## Work to complete
Extract verbatim every line from the one containing "5 Inch Plate" to the final line of the records below, inclusive, and exclude all pictures.

## Data

┌──

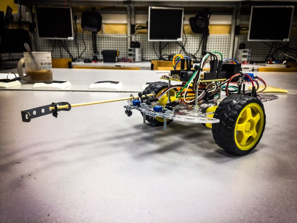 Был и другой интересный случай: подходит к нам участник с претензией: в вашей конструкции неправильно подключены датчики. Они, говорит, не работают. Мы как организаторы знаем, что все роботы были протестированы по трассе по написанной нами прошивке все выполнили задание. Конечно, мы отключили в роботе некоторые элементы - это нужно для того, чтобы участники самостоятельно выполнили некоторые подключения в плате. Таким образом данный участник не разобравшись в предоставленной ему схеме допустил грубое нарушение, подключив провод на 3 и 5 вольт, и предъявив это за "неправильную сборку организаторами" автоматом получил - 2 балла. Больше таких претензий не поступало от участников. С заданием справились, почти все. Ну вы уже понимаете кто не справился...
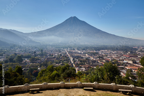 View of Antigua Guatemala. The view is clear. The volcano Agua is visible.
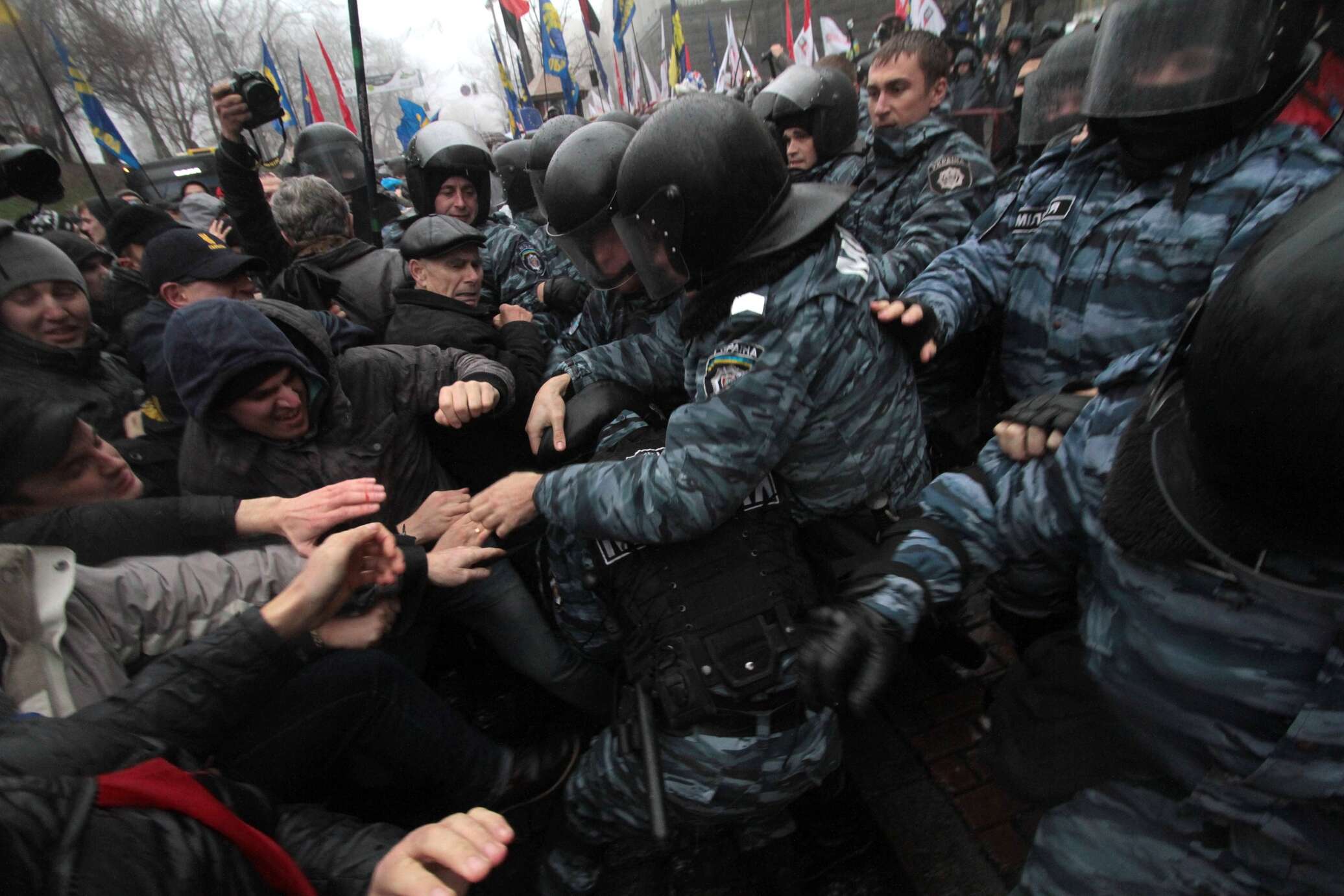 Возвращавшихся с митинга атаковали, милиция задержала трех нападающих. Через несколько минут подъехал автомобиль с наклейкой на номере «Правый сектор», и группа из нескольких человек отбила задержанных у милиции.
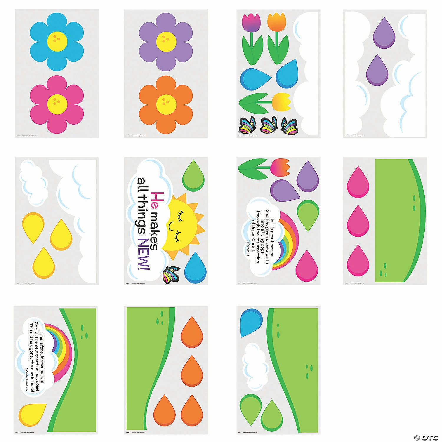 Just as spring renews the flowers, God makes all things new! This lovely bulletin board set is perfect for a Sunday School space or faith-based classroom. With rain drops for each studentโs name and three-dimensional flowers, this bulletin board set includes Biblical truths and bright colors. Itโs sure to brighten up any space, no matter what season itโs displayed! Includes 24 blank cutouts. Cardstock. (48 pcs. per set) 3 1/2″ – 14″ x 5″ – 25″ ยฉ OTC
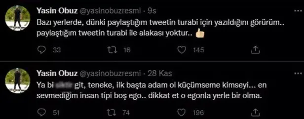 Yasin Obuz "Ya bi s..ir git, teneke, ilk başta adam ol küçümseme kimseyi... En sevmediğim insan tipi boş ego.. Dikkat et o egonla yerle bir olma" paylaşımı yaptı.
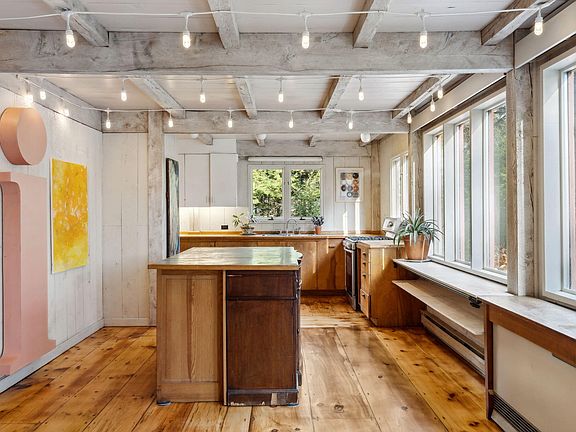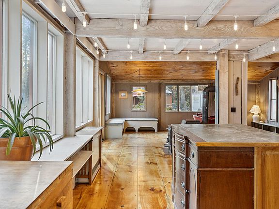 This charming 2 bed and 2 full bath home features glistening pumpkin pine floors in its open floor plan with loads of natural light that brings in a comfort and warmness throughout the year. The woodstove will heat your home while sitting in the dining room nook sipping a warm drink watching the snow fall and wildlife trek through your yard.
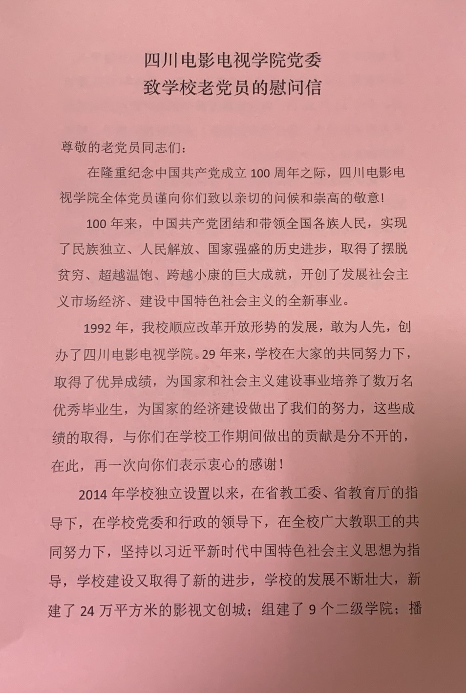 澳门网投唯一官网党委致学校老党员的慰问信
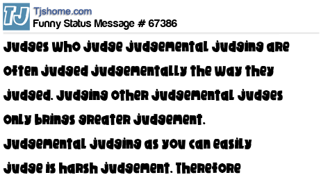 X is Judges who judge judgemental judging are often judged judgementally the way they judged. Judging other judgemental judges only brings greater judgement. Judgemental judging as you can easily judge is harsh judgement. Therefore Judge not lest ye be judged!
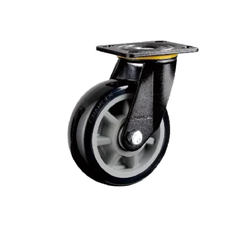 5 Inch Plate Swivel Casters 4PCS PU Heavy Duty Wheels Gray Core Black Polyurethane Caster Universal Wheel - 4PCS
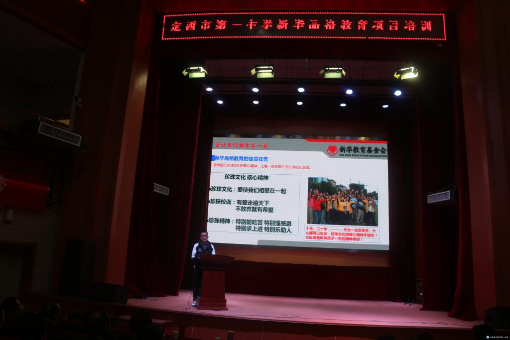 作為甘肅省中小學德育工作六星校,近年來,我校高度重視德育工作,緊緊圍繞立德樹人根本任務,積極探索德育工作的有效方式方法,不斷轉變育人理念,拓寬育人思路,拓展育人載體,追求育人實效,形成了自己的育人特色和亮點。此次專題培訓活動,進一步凝聚了全校師生對我校開展品格教育的共識,明確了品格教育的重要意義和深遠影響,必將積極推動浙江省新華愛心教育基金會品格教育項目在我校落地生根、結出碩果。今后,學校將深入開展德育微行動,以活動為具體抓手,通過活動育人,大力實施品格教育,努力把學生培養成德智體美勞全面發展的社會主義建設者和接班人。
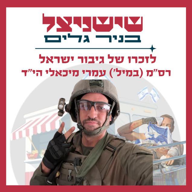 השבוע ננציח את גיבור ישראל – רס״מ (במיל׳) עמרי מיכאלי הי”ד. עמרי שירת כלוחם ביחידת דובדבן, ושב שוב ושוב אל המערכה גם לאחר שנפצע מספר פעמים במהלך שירותו, מתוך אחריות עמוקה לחבריו ולעם ישראל. במבצע "צוק איתן" גילה גבורה יוצאת דופן, ועל כך עוטר בצל"ש הרמטכ"ל. תמונתו על האלונקה בזמן הפינוי לבית החולים, מחזיק בדגל…
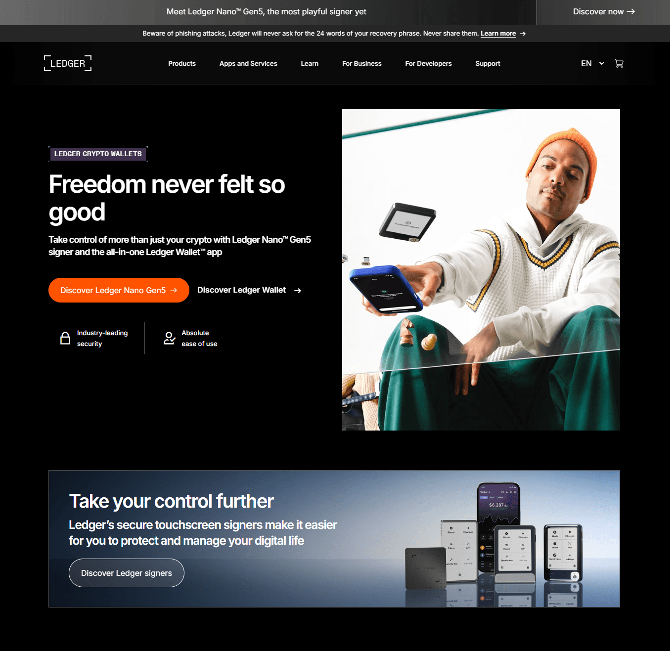 With industry-leading hardware security, continuous firmware updates, and a user-friendly interface, Ledger™ Login provides a safe environment to interact with Web3, DeFi platforms, and third-party apps. Stay protected, stay in control, and manage your digital wealth the right way—through the official and secure Ledger ecosystem.

└──

## Answer box
 5 Inch Plate Swivel Casters 4PCS PU Heavy Duty Wheels Gray Core Black Polyurethane Caster Universal Wheel - 4PCS
 作為甘肅省中小學德育工作六星校,近年來,我校高度重視德育工作,緊緊圍繞立德樹人根本任務,積極探索德育工作的有效方式方法,不斷轉變育人理念,拓寬育人思路,拓展育人載體,追求育人實效,形成了自己的育人特色和亮點。此次專題培訓活動,進一步凝聚了全校師生對我校開展品格教育的共識,明確了品格教育的重要意義和深遠影響,必將積極推動浙江省新華愛心教育基金會品格教育項目在我校落地生根、結出碩果。今后,學校將深入開展德育微行動,以活動為具體抓手,通過活動育人,大力實施品格教育,努力把學生培養成德智體美勞全面發展的社會主義建設者和接班人。
 השבוע ננציח את גיבור ישראל – רס״מ (במיל׳) עמרי מיכאלי הי”ד. עמרי שירת כלוחם ביחידת דובדבן, ושב שוב ושוב אל המערכה גם לאחר שנפצע מספר פעמים במהלך שירותו, מתוך אחריות עמוקה לחבריו ולעם ישראל. במבצע "צוק איתן" גילה גבורה יוצאת דופן, ועל כך עוטר בצל"ש הרמטכ"ל. תמונתו על האלונקה בזמן הפינוי לבית החולים, מחזיק בדגל…
 With industry-leading hardware security, continuous firmware updates, and a user-friendly interface, Ledger™ Login provides a safe environment to interact with Web3, DeFi platforms, and third-party apps. Stay protected, stay in control, and manage your digital wealth the right way—through the official and secure Ledger ecosystem.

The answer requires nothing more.